New York Times features Tom T. Hall

Tom T. and Dixie Hall - photo by The New York TimesIn yesterday’s edition of the New York Times, the music section had a story featuring Tom T. Hall. The story was focused on Mr. Hall’s relationship to country radio stations and was appropriately headlined as…

Who Needs Country Radio? Not Tom T. Hall

The story spends a good deal of time discussing Hall’s growing alliance with the bluegrass music industry. The author suggests that the reason Hall has been pitching his tunes to bluegrass artists in recent years is that Hall felt the bluegrass artists would be true to the songs and not change them to make them commercially acceptable for country radio, thus preserving the integrity of his music.

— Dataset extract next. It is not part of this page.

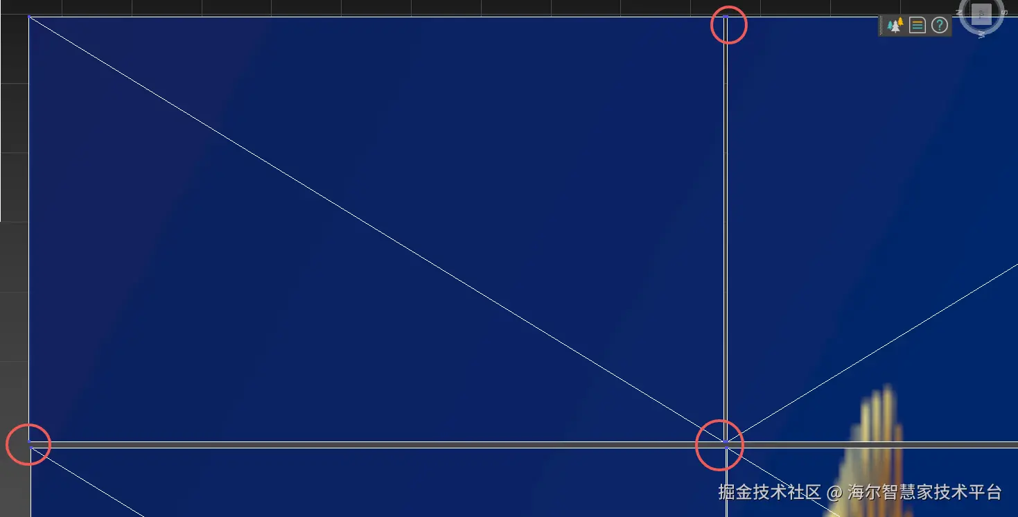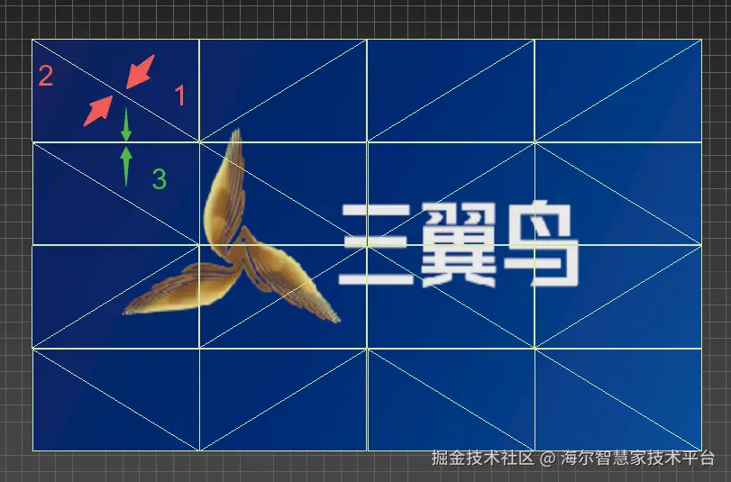但这里最关键的其实是 【 问题 5 】如何确定一个边是属于轮廓的? 其实很简单,前面说过“在三维网格中,每条边都一定会关联两个三角面”,但是当三维退化成二维时,如下图 terrian 瓦片所示,在边界出就会出现【回答 5 】一条边只关联一个三角面的情况,此时这条边就在轮廓上。

Who would record them without changing them to make radio happy or forcing him into complicated business deals?

Bluegrass singers would.

Tom T. goes on to discuss his history of growing up in Appalachia, and made this great comment about writing bluegrass songs in collaboration with his wife, Miss Dixie.

Maybe our bluegrass songwriting works so well because we have such different views of Appalachia. As an outsider Miss Dixie sees these people as the hard-working, family-loving salt of the earth. As a member of the clan I see them as just the neighbors. She can see the trees, while all I can see is the forest.

The article is a fairly length piece, at a solid two pages, and worth the read. Four streaming audio files are also included featuring Tom T. and Charlie Sizemore.